-- SOURCE MATERIAL follows --

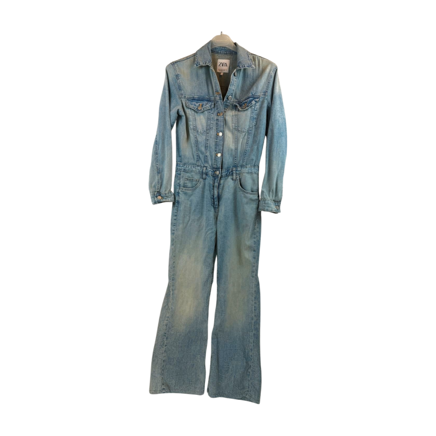 Stoere en tijdloze denim jumpsuit van Zara in een lichtblauwe wassing. Dit item heeft een klassieke workwear uitstraling met borstzakken, knoopsluiting en een taille die mooi aansluit. De rechte pijpen en lange mouwen geven de jumpsuit een echte retro/vintage vibe. Perfect als statement piece, zowel casual als gestyled met hakken of sneakers.
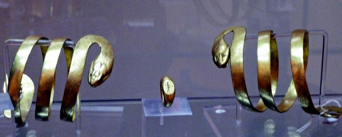 На пальце героини кольцо в виде рукопожатия, а на руке девочки — золотой браслет в виде змеи, и это тоже подлинные вещи жителей античного города. На раскопках найдено много разных браслетов-змеек, но самые похожие на тот, что на картине, — из так называемого «Дома Фавна». Теперь они хранятся в Национальном археологическом музее Неаполя.
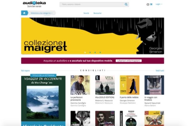 Adesso voglio parlarti di Audioteka, uno store di audiolibri in italiano che permette di scaricare audiobook di vario genere letti da narratori professionisti e attori. Non offre contenuti gratuiti (se non un audiolibro di test che si può scaricare per provare il servizio), ma i suoi prezzi sono in linea con quelli degli altri servizi: le opere vengono mediamente vendute a cifre comprese fra i 3 e i 15 euro.

-- SOURCE MATERIAL concluded --

## TASK
Leaving the pictures out, output each line of the listing exactly.

## RESPONSE
 Stoere en tijdloze denim jumpsuit van Zara in een lichtblauwe wassing. Dit item heeft een klassieke workwear uitstraling met borstzakken, knoopsluiting en een taille die mooi aansluit. De rechte pijpen en lange mouwen geven de jumpsuit een echte retro/vintage vibe. Perfect als statement piece, zowel casual als gestyled met hakken of sneakers.
 На пальце героини кольцо в виде рукопожатия, а на руке девочки — золотой браслет в виде змеи, и это тоже подлинные вещи жителей античного города. На раскопках найдено много разных браслетов-змеек, но самые похожие на тот, что на картине, — из так называемого «Дома Фавна». Теперь они хранятся в Национальном археологическом музее Неаполя.
 Adesso voglio parlarti di Audioteka, uno store di audiolibri in italiano che permette di scaricare audiobook di vario genere letti da narratori professionisti e attori. Non offre contenuti gratuiti (se non un audiolibro di test che si può scaricare per provare il servizio), ma i suoi prezzi sono in linea con quelli degli altri servizi: le opere vengono mediamente vendute a cifre comprese fra i 3 e i 15 euro.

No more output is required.